» **Required work**
Your answer must be the line holding "为隆重庆祝建党90周年华诞,表达全体法官" followed by every later line through the end of the entries, exactly as written.

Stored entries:
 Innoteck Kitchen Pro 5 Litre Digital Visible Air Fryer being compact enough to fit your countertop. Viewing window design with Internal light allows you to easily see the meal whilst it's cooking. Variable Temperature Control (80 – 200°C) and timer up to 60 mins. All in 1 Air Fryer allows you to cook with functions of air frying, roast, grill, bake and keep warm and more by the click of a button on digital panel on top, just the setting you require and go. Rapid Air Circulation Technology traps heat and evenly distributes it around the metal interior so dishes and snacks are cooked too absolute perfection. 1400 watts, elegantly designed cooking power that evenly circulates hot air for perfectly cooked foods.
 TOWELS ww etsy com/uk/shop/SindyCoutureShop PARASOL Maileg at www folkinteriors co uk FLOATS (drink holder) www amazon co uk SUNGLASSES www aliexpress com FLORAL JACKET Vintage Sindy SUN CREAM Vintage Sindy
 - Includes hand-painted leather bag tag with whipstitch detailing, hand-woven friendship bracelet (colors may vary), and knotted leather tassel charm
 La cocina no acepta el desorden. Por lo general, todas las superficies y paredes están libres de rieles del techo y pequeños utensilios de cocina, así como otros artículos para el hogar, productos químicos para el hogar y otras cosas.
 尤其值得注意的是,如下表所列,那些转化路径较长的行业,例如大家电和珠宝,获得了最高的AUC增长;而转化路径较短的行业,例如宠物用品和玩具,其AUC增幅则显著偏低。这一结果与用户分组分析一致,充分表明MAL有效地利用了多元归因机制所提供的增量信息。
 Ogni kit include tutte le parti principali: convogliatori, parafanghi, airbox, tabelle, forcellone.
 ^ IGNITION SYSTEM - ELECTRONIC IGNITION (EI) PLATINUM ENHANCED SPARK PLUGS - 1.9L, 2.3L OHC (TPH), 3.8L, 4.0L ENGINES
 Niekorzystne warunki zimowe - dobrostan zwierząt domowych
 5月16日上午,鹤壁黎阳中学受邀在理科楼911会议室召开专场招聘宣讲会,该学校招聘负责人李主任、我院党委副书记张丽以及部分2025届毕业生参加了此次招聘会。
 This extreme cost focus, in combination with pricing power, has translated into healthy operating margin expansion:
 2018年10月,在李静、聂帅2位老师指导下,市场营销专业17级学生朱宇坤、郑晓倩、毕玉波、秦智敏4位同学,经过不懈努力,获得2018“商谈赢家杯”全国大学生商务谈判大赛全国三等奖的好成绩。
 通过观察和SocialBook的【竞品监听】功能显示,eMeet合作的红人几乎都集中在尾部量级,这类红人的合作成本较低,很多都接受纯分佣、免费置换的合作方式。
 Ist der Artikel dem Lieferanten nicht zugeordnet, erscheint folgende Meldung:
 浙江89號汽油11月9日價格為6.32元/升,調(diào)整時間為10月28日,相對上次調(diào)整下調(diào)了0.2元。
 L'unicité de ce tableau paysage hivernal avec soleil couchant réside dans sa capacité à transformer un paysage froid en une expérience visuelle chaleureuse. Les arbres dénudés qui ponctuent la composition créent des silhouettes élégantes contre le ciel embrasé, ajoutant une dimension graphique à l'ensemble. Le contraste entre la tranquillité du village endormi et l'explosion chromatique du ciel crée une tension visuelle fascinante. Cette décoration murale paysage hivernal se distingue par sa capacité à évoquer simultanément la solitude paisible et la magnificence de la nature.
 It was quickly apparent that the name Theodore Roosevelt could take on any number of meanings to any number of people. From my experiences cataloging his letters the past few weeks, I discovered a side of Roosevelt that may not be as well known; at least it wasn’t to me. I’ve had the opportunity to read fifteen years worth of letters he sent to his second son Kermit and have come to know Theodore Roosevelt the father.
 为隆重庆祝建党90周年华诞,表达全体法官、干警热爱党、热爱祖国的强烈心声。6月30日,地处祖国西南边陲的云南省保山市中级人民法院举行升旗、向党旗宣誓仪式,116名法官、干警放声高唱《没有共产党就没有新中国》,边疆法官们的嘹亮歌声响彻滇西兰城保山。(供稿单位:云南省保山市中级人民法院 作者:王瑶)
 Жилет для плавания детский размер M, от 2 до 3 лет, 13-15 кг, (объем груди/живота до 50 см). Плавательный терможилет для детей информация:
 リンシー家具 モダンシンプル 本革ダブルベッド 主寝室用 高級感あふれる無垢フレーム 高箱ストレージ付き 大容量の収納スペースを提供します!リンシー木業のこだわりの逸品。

» **Exercise solution**
 为隆重庆祝建党90周年华诞,表达全体法官、干警热爱党、热爱祖国的强烈心声。6月30日,地处祖国西南边陲的云南省保山市中级人民法院举行升旗、向党旗宣誓仪式,116名法官、干警放声高唱《没有共产党就没有新中国》,边疆法官们的嘹亮歌声响彻滇西兰城保山。(供稿单位:云南省保山市中级人民法院 作者:王瑶)
 Жилет для плавания детский размер M, от 2 до 3 лет, 13-15 кг, (объем груди/живота до 50 см). Плавательный терможилет для детей информация:
 リンシー家具 モダンシンプル 本革ダブルベッド 主寝室用 高級感あふれる無垢フレーム 高箱ストレージ付き 大容量の収納スペースを提供します!リンシー木業のこだわりの逸品。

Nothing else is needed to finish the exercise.